In February, the Argentinian Congress approved the bill.
The process was launched with the signing of a memorandum of understanding on Jan. 27 by the foreign ministers of both countries.
AMIA and the national Jewish political umbrella group DAIA filed a joint petition last month with the Federal Administrative Court arguing that Argentina’s Congress acted unconstitutionally in voting for the memorandum of understanding.
Israel, the United States and international Jewish groups have objected to the bilateral pact.
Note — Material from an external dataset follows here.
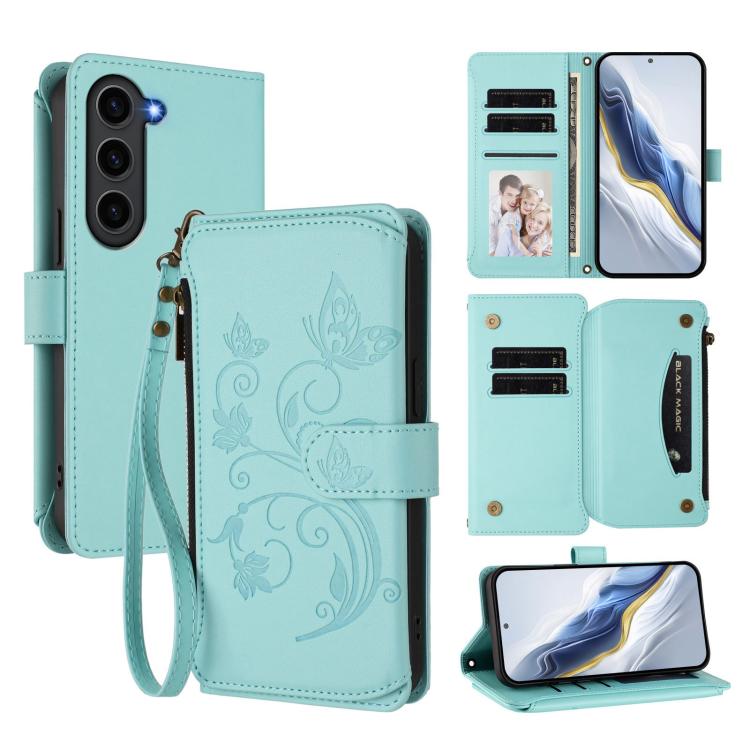 Funda de cuero con cremallera para Samsung Galaxy S23 5G, diseño de mariposas, flores y amor, con múltiples tarjetas (verde menta)

“The idea of establishing a ‘truth’ commission on the AMIA tragedy that involves the Iranian regime would be like asking Nazi Germany to help establish the facts of Kristallnacht,” said American Jewish Committee Executive Director David Harris in a statement issued in late January. “It is offensive not only to the families of the 85 murdered and hundreds wounded, but to the entire Argentine nation, which for more than 18 years has sought justice.”
B’nai B’rith International President Allan Jacobs said in a statement, “Given Iran’s deplorable judicial track record and its refusal to turn over those previously implicated in the bombings, there’s little reason to believe anything substantial will come out of this commission.”